The ice at Cherry Hill had a definite tilt to it, too, prompting Bobby Hull to say, "It's the only arena I've ever been in where the visiting team had to skate uphill for two periods of every game. There was also a huge dip in the ice." In fact, one night Ted Scharf of the Knights was waiting for a pass when the puck shot straight up and struck him between the eyes.

No arena was more beautiful than the Coliseum, a magnificent structure in the rural township of Richfield, Ohio, outside Cleveland. It was the new home of Nick Mileti's Cleveland Crusaders, who played at the old Cleveland Arena from 1972 until 1974.

"Five million people live within an hour's drive of the Coliseum," Mileti said when his building opened.

He was right, too.
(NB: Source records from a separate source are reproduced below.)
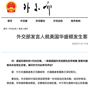 据外交部网站1月31日午间消息,外交部发言人就美国华盛顿发生客机和军机相撞事件答记者问,表示“中方对遇难者表示沉痛哀悼,对遇难者家属表示深切慰问。”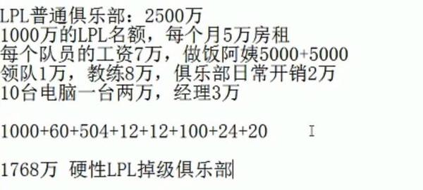 “电竞大嘴巴”五五开爱在自己直播中爆料已经成为习惯,近日,他又进行了一波关于现在LPL以及LSPL的日常开销的爆料。五五开表示,想要做LSPL俱乐部的身价起码要有3000W,而想做LPL俱乐部,最起码要有10亿才能玩得动。 关于LSPL最低配俱乐部的花销:200万的LSPL名额、一个月2W的房租,每个队员1W的工资,做饭阿姨5000一个月的工资,领队5000,经理1W,俱乐部日常开销1个月1W,而当这些转化为一年的开销之后则是需要344万一年。 关于LPL的最低俱乐部的花销:1000万的LPL名额、一个月5W的房租,每个队员7W的工资(平均工资),做饭阿姨5000一个月的工资(因为有韩援一般有两个厨师),领队1W,经理3W,教练8W,俱乐部日常开销1个月2W,而当这些转化为一年的开销之后则是需要1768万之多,而五五开直言这还是一支在LPL要掉级的配置! 关于LPL的保级或者中游些的俱乐部的花销:1000万的LPL名额、一个月5W的房租,每个队员500W(挖一个队员,转会费等),做饭阿姨5000一个月的工资(因为有韩援一般有两个厨师),领队1W,经理3W,教练8W,俱乐部日常开销1个月4W,顶级俱乐部起码一年的花销则是在四千万起。 在这其中,五五开更是谈到了几位知名选手的价位,虽然没有明言,却在旁边的计算器打出了包括UZI,Imp,小花生的价格,UZI5000W,Imp600W,小花生900W。 接下来五五开又说到了关于俱乐部的盈利模式,正当观众都在好奇俱乐部是如何盈利的时候,五五开告诉大家俱乐部没有盈利模式,唯一的盈利模式但可以说是老板的盈利模式就是卖队员还有卖掉LPL或是LSPL的名额以此来获利,国内的俱乐部几乎都是在亏钱,唯一可能做到没有亏钱的就是EDG俱乐部,因为他们运营的比较好,可能做到了收支平衡。 最后五五开也是认为,想要做LSPL俱乐部的身价起码要有3000W,而想做LPL俱乐部,最起码要有10亿才能玩得动。 |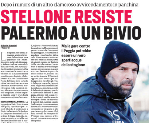 L'edizione odierna del "Corriere dello Sport" parla del futuro del tecnico del Palermo Roberto Stellone che con il Foggia non...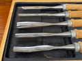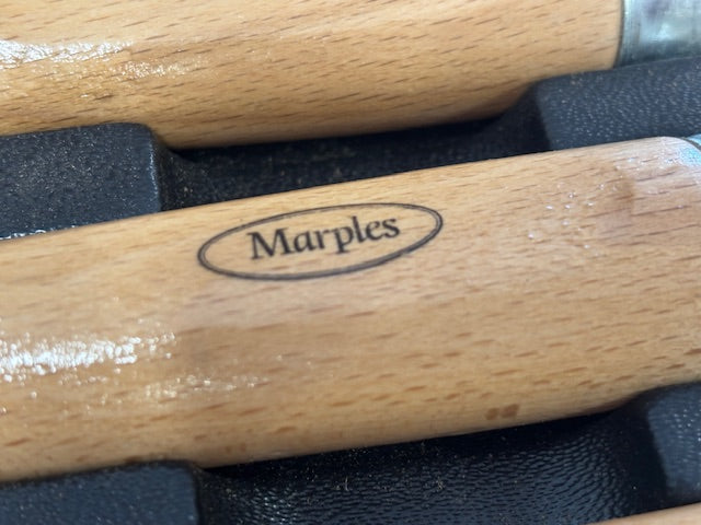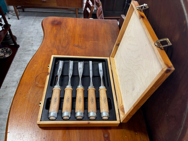 Set of 5 Chisels in good condition, in original box. The Marples brand made in Sheffield, England has a legacy of high quality craftsmanship.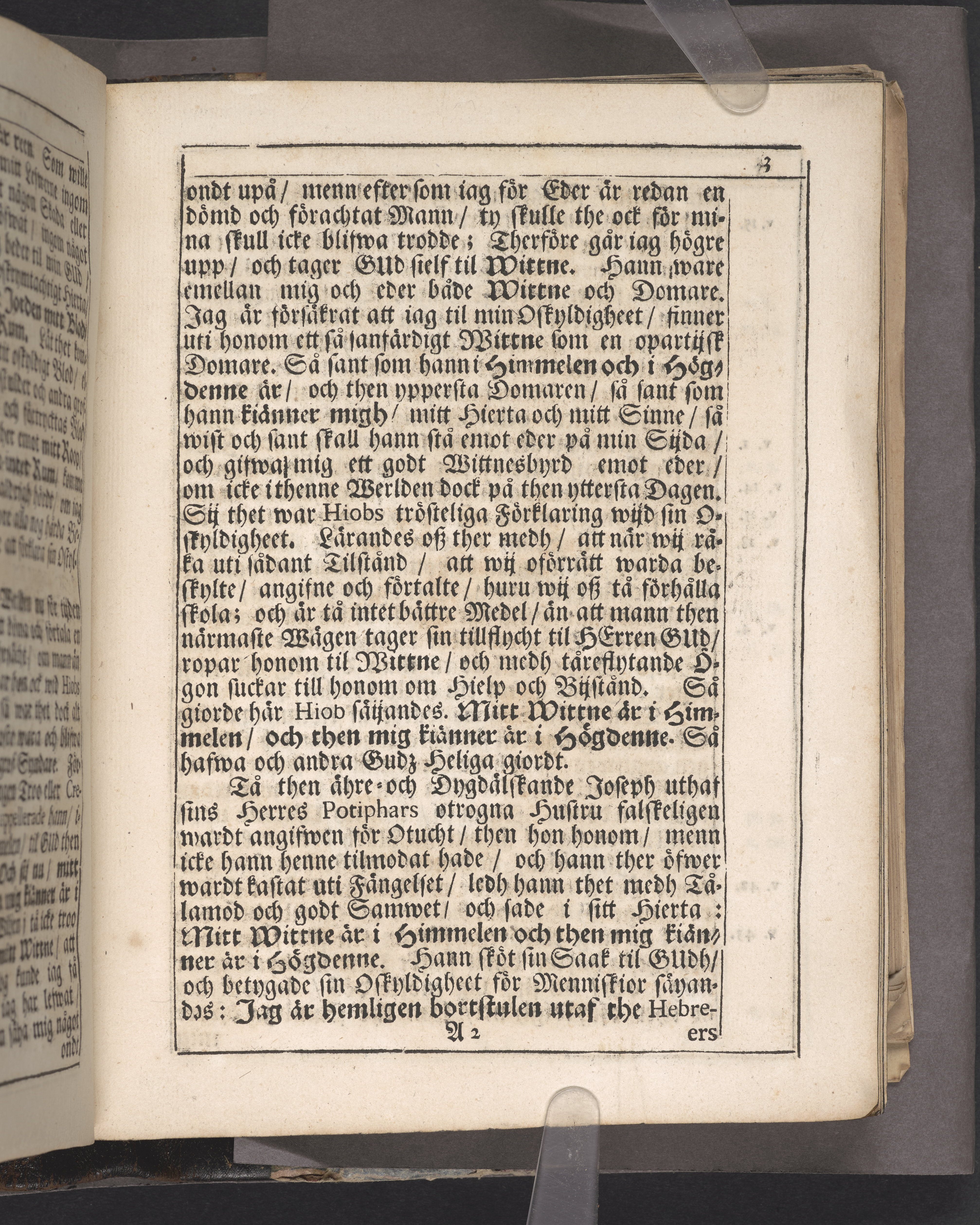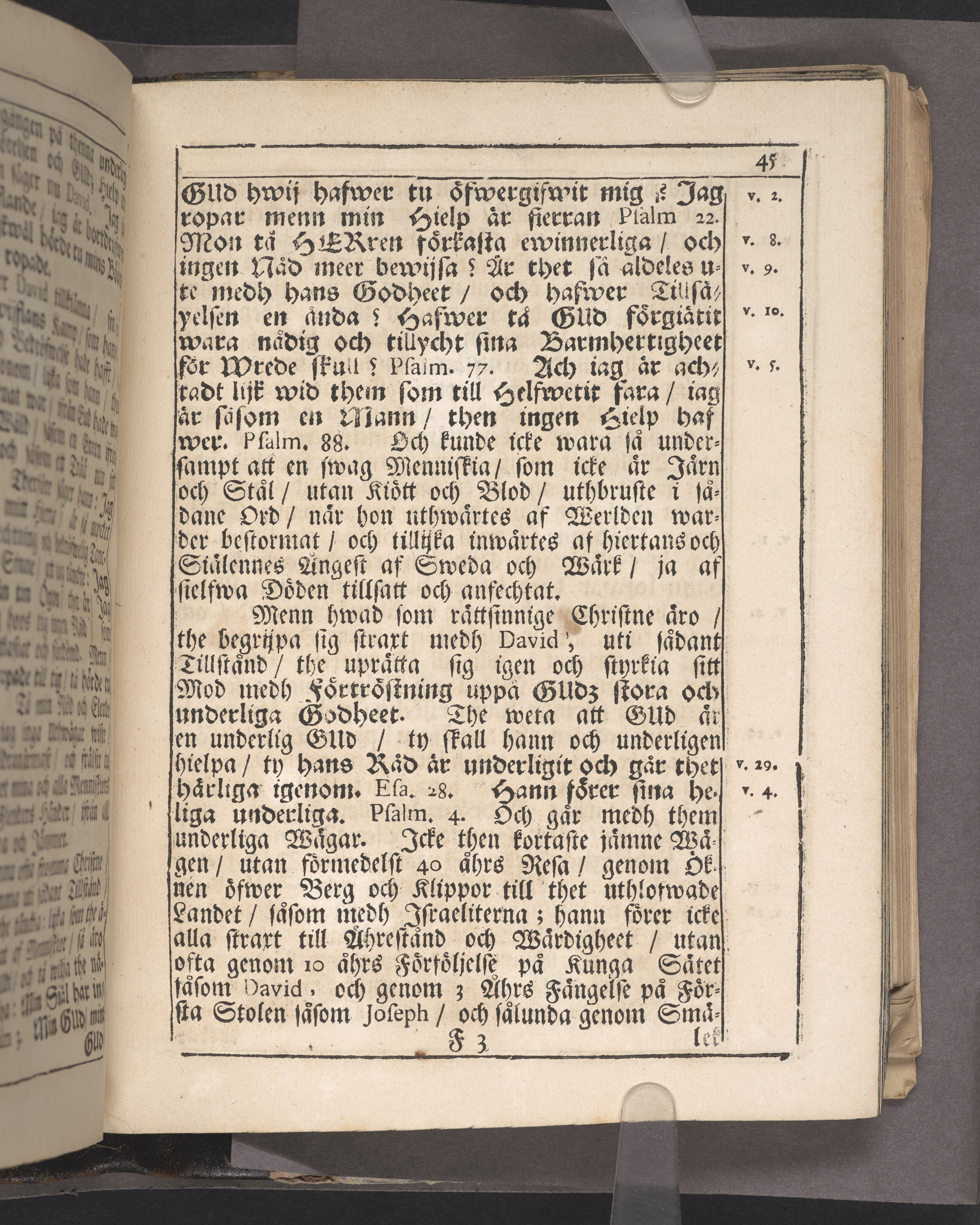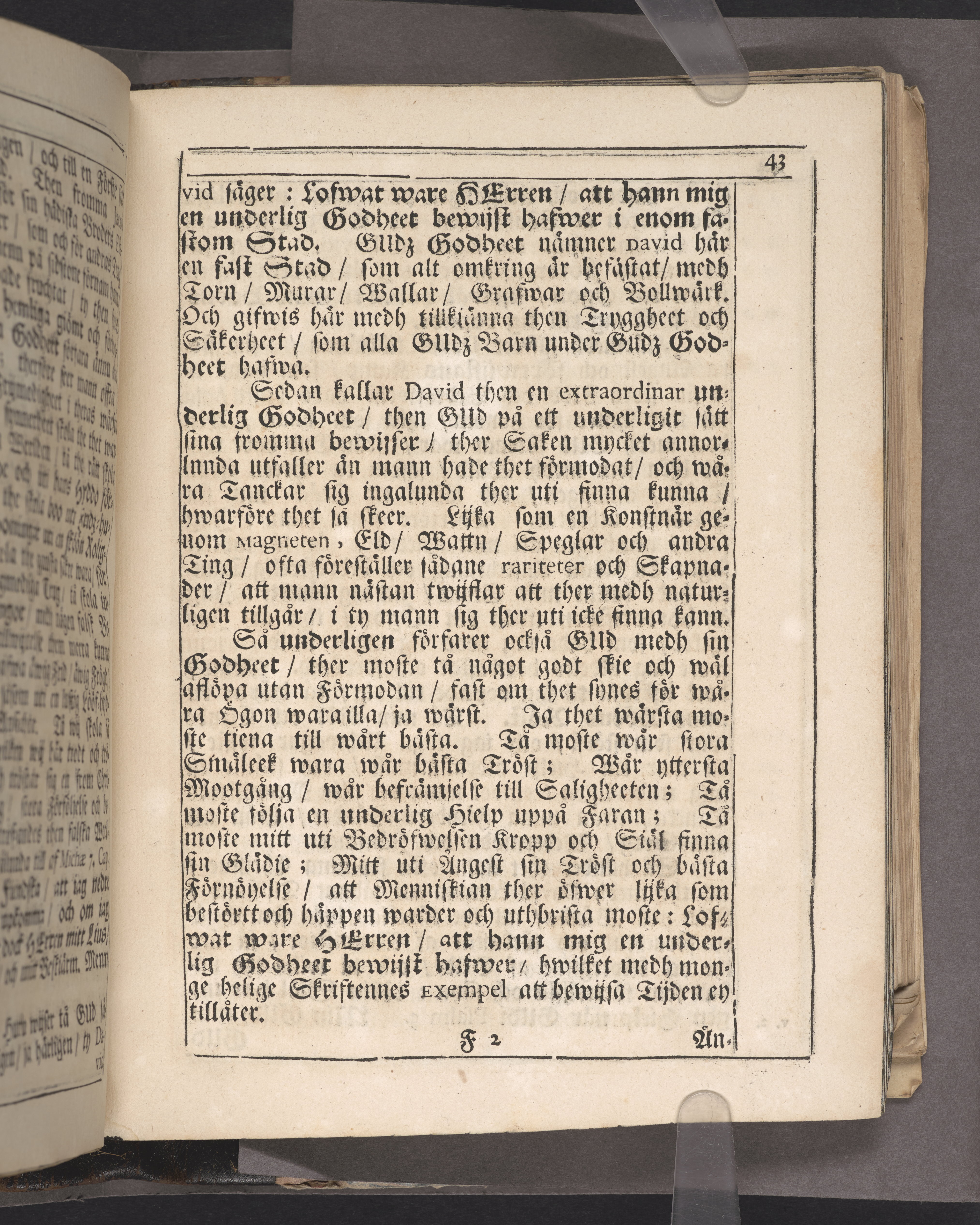 Del av band m. pärmar av marmorerat papper, rygg och hörn av getskinn. Pärmfyllnad: papp.
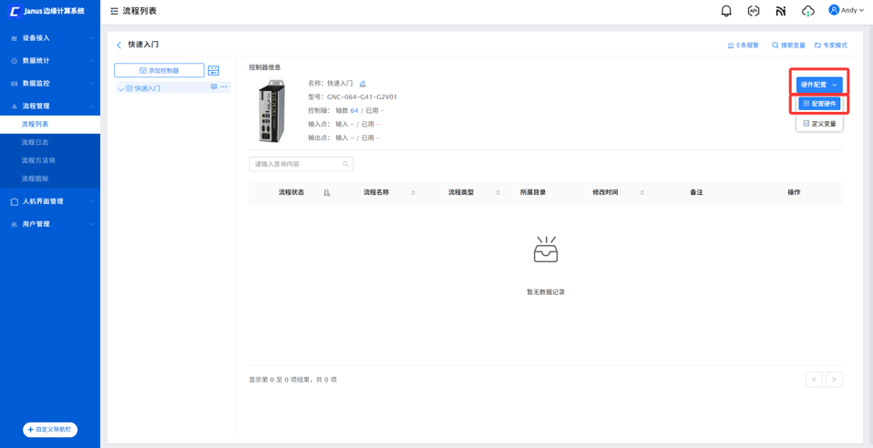硬件配置 → 配置硬件,进入硬件配置界面;

All five million lived an hour away—and not very many of them ever drove for an hour to see the Crusaders play. "What a beautiful building it was," says Skip Krake, who played for the Crusaders and now owns and operates a sporting goods store in Lloydminster, Saskatchewan. "But all those empty seats! Why, 3,500 fans looked like 13. It made you want to cry a little."

As it turned out, the Crusaders' best years were their two seasons at the old Arena on Euclid Avenue in Cleveland. Grubby and worn, the Arena sat on the edge of a tough neighborhood, across the street from a Catholic church and snug beside a rough bar. Five Crusaders had their cars stolen out of the parking lot at the Arena, Wayne Muloin and Tom Edur both losing new Thunderbirds on the same night. Steve Thomas, the Crusaders' trainer, who often had to work at the Arena late at night, was mugged three times one winter.

"Where's your watch?" one mugger growled at Thomas.

"They got that last week," the trainer said.

If the Arena had one distinguishing feature, it was the chicken wire wrapped above the boards at each end of the rink. Gary Jarrett could play the mesh better than anyone else in the league; he knew exactly where the soft rebounds would spill as pucks caromed off the chicken wire, and always parked himself accordingly near the net.

When the Crusaders left Cleveland for Richfield, they left the mesh behind because the new Coliseum had standard glass barriers. Suddenly, Jarrett couldn't catch up to the rebounds, and his point production plummeted from 79 to 41 to 33—whereupon he retired.